**Records from a collection:**
========================================

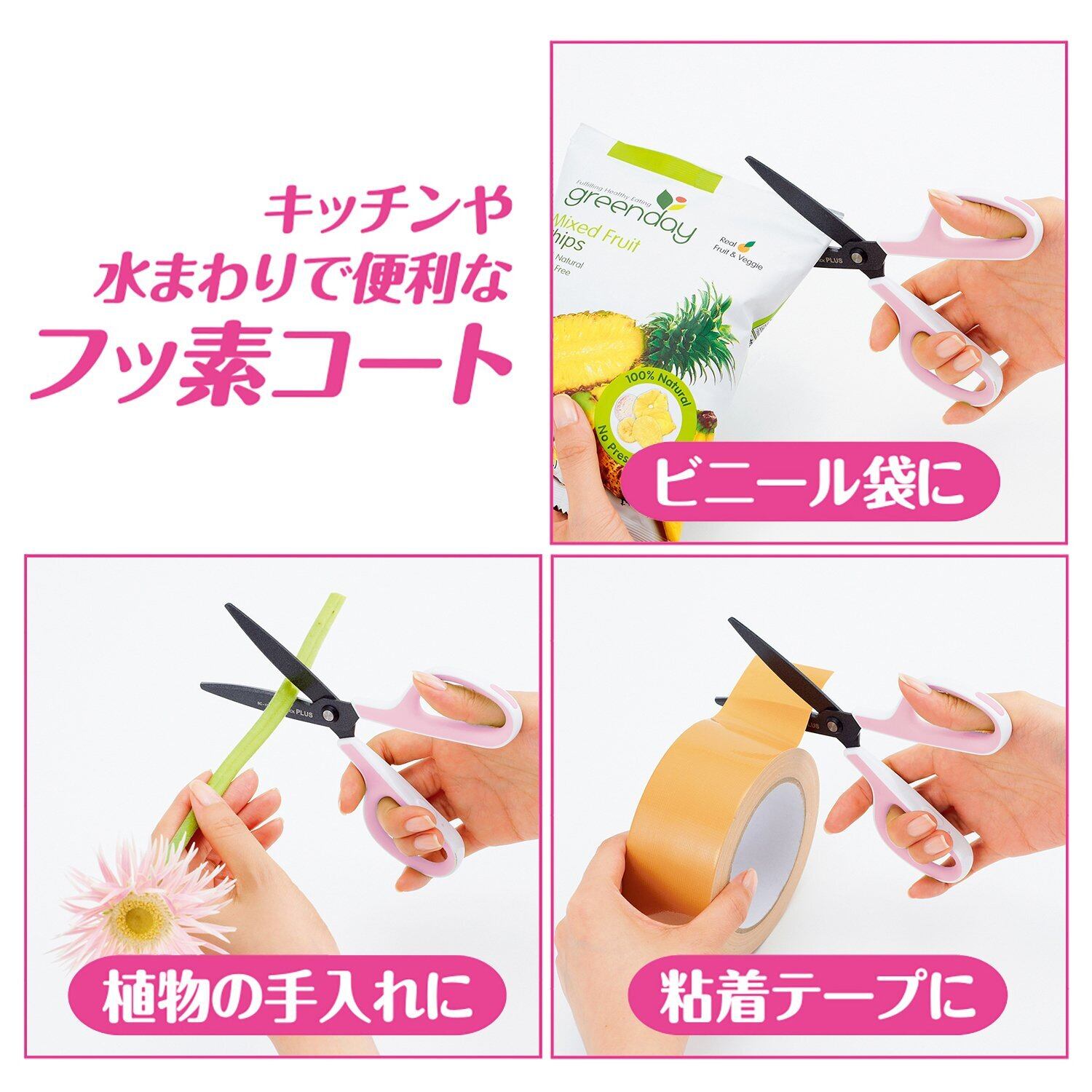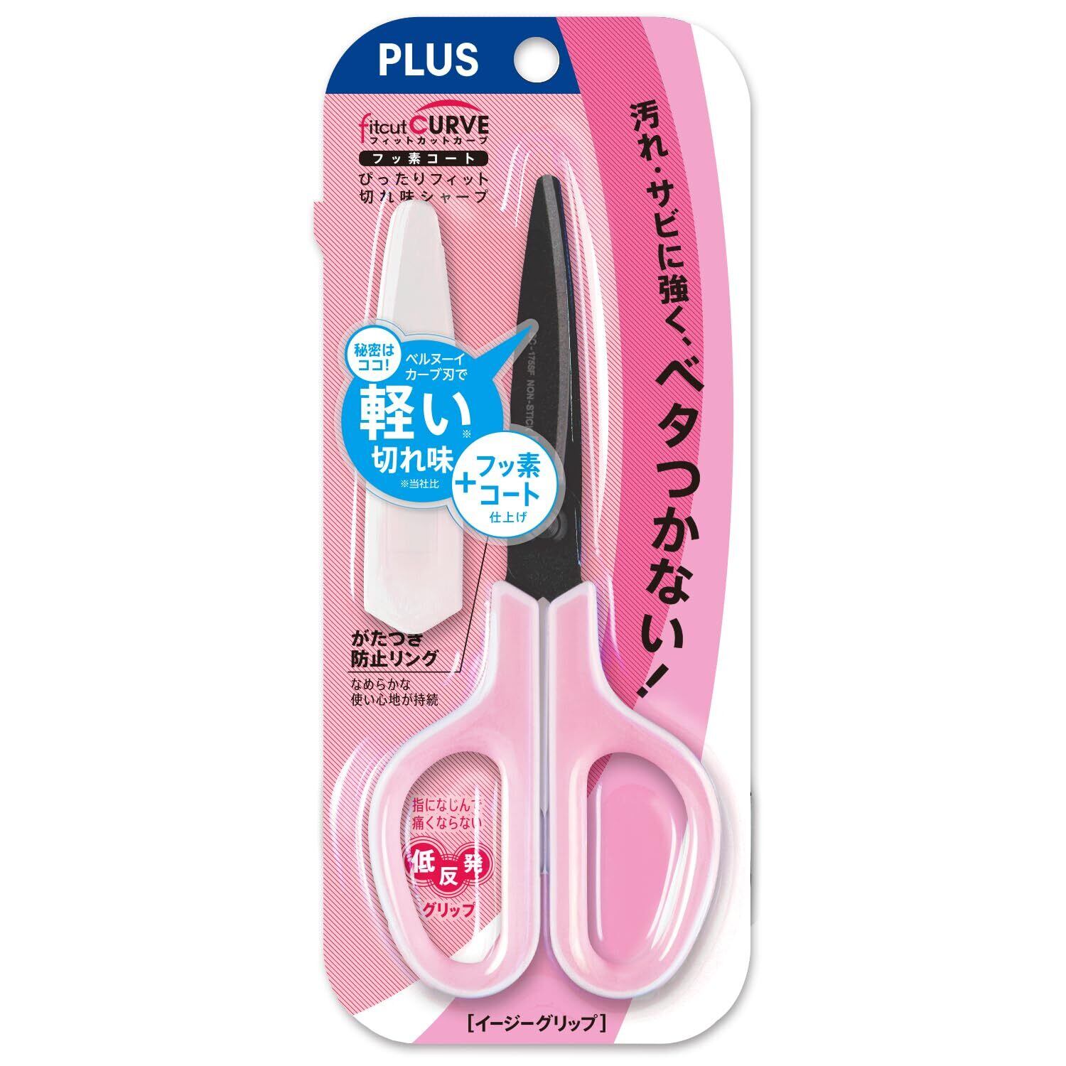 プラス はさみ フィットカットカーブ フッ素コート 低反発グリップ SC-175SF ホワイト/ピンク 34-547
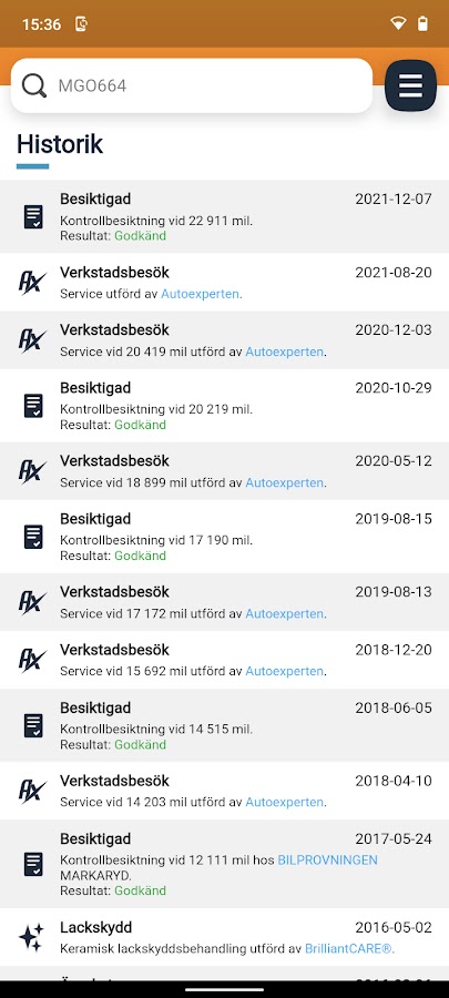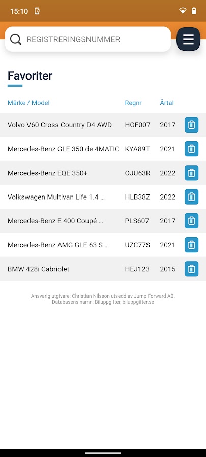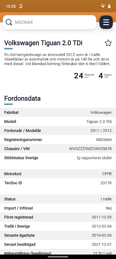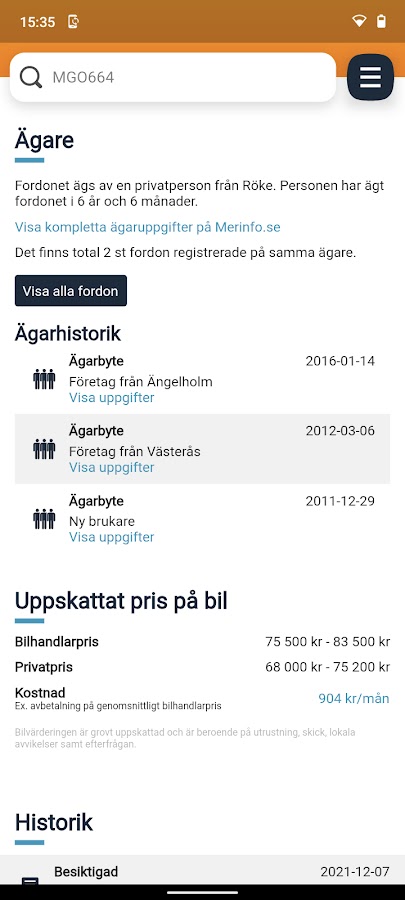 Информация об автомобиле полностью загружена информацией обо всех транспортных средствах в Швеции. Самая полная база данных с указанием владельцев, служебной информации, истории, в т.ч. пробег, оценка автомобиля, долги по транспортному средству и многое другое.
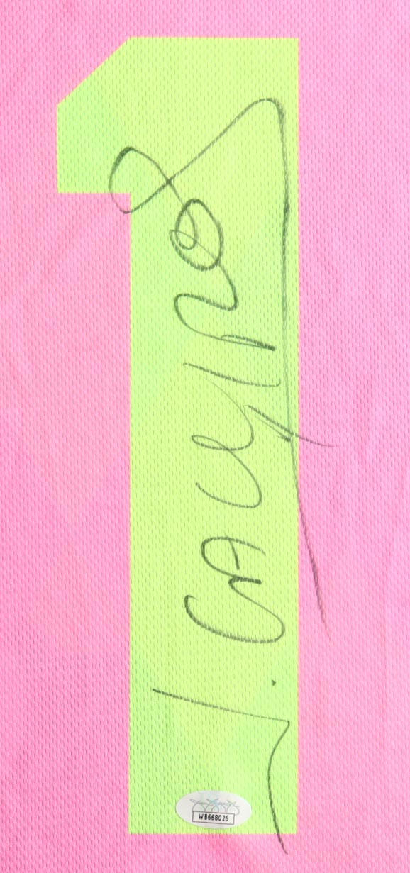 Sport Original jersey with everything printed on, size M. Hand-signed by Jorge Campos (UNAM). Please note, there is slight smudging on the signature.
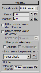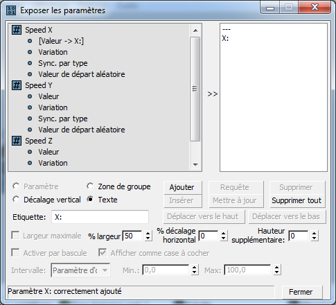 Ses paramètres s'affichent dans le panneau déroulant Vitesse X.
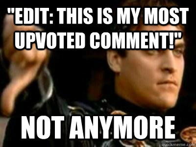 "edit: this is my most upvoted comment!" Not anymore
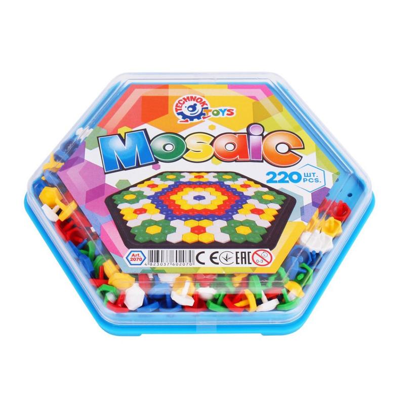 Класична мозаїка в пластиковому корпусі з прозорою кришкою і 220 фішками- гвоздиками. На інструкції і упаковці зображені зразки візерунків. Малюкові буде цікаво і весело проводити час з мозаїкою і розвивати фантазію. Діаметр фішки - 13 мм, чотири кольори. Для дітей від 5-ти років. Розмір упаковки: 22,5х20х3,3 см.
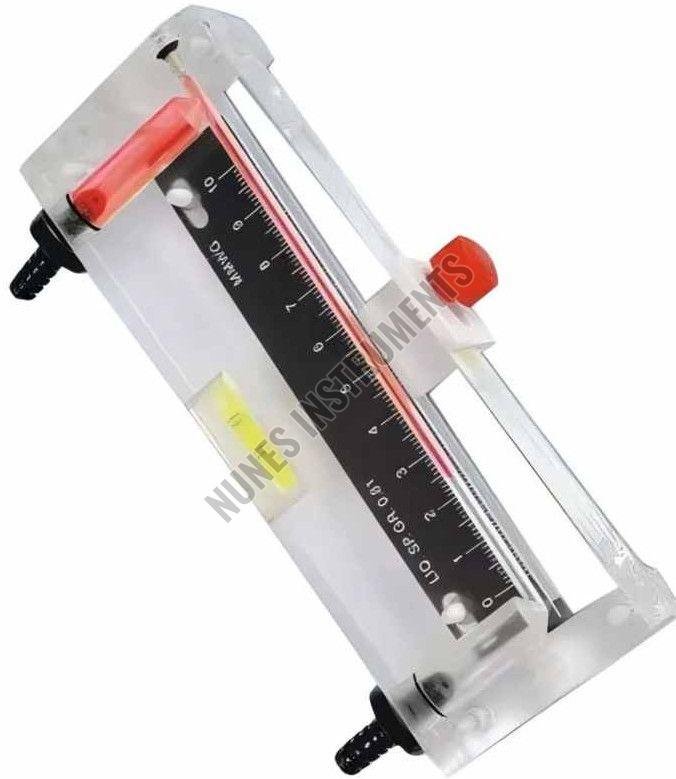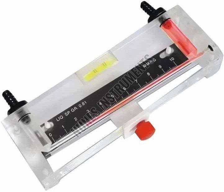 The Incline Manometer is a precision instrument used for low-pressure differential measurement in laboratory and industrial setups. It features a U-tube design mounted on an aluminum base plate, with a precision-drilled metering tube through a solid acrylic block, ensuring durability and clear visibility.
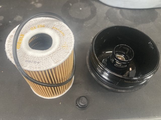 ある程度オイルが抜けきったら上側よりオイルフィルターを交換していきます。
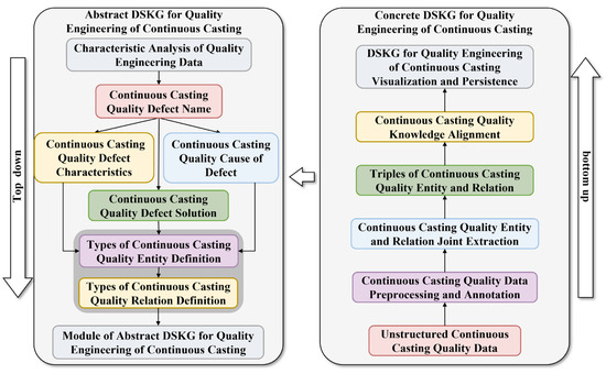 Firstly, through the quality engineering texts analysis of continuous casting, an abstract KG is designed by using a top-down approach. Then, guided by this abstract KG, a DSKG is constructed by using a bottom-up approach.
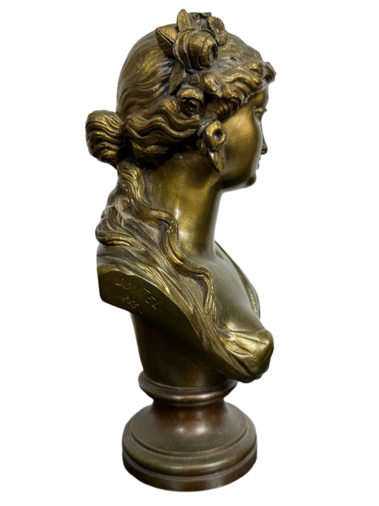 Antique Bronze Bust of a Woman by Isidore-Romain Boitel, 1855
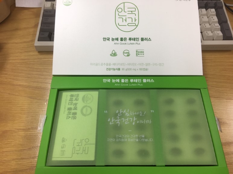 지난번 비타민C 포스트에 이은 두 번째 건강보조제 시리즈, 안국 루테인입니다. 뭔가 이런 걸 자주올리는 느낌인데, 사실 비타민제랑 루테인 빼곤 따로 더 먹는 건 없습니다. 이거라도 안 먹으면 안될 것 같아서 꾸역꾸역 챙겨먹는 중입니다.
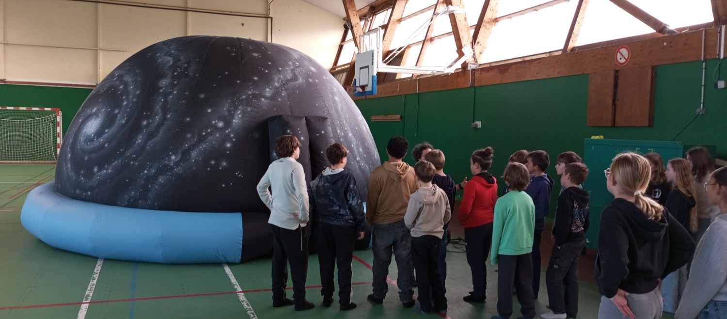 Chaque classe de 6e a bénéficié d’une séance d’une heure dans un planétarium gonflable, l’occasion de réviser la composition du système solaire, de parler des conditions de « vie » sur les planètes les plus proches de la Terre et d’aborder les changements de saisons.

========================================

**Assignment:**
Take the line containing "지난번 비타민C 포스트에" and every line after it to the end of the records, and restate them verbatim, with no pictures.

**Task solution:**
 지난번 비타민C 포스트에 이은 두 번째 건강보조제 시리즈, 안국 루테인입니다. 뭔가 이런 걸 자주올리는 느낌인데, 사실 비타민제랑 루테인 빼곤 따로 더 먹는 건 없습니다. 이거라도 안 먹으면 안될 것 같아서 꾸역꾸역 챙겨먹는 중입니다.
 Chaque classe de 6e a bénéficié d’une séance d’une heure dans un planétarium gonflable, l’occasion de réviser la composition du système solaire, de parler des conditions de « vie » sur les planètes les plus proches de la Terre et d’aborder les changements de saisons.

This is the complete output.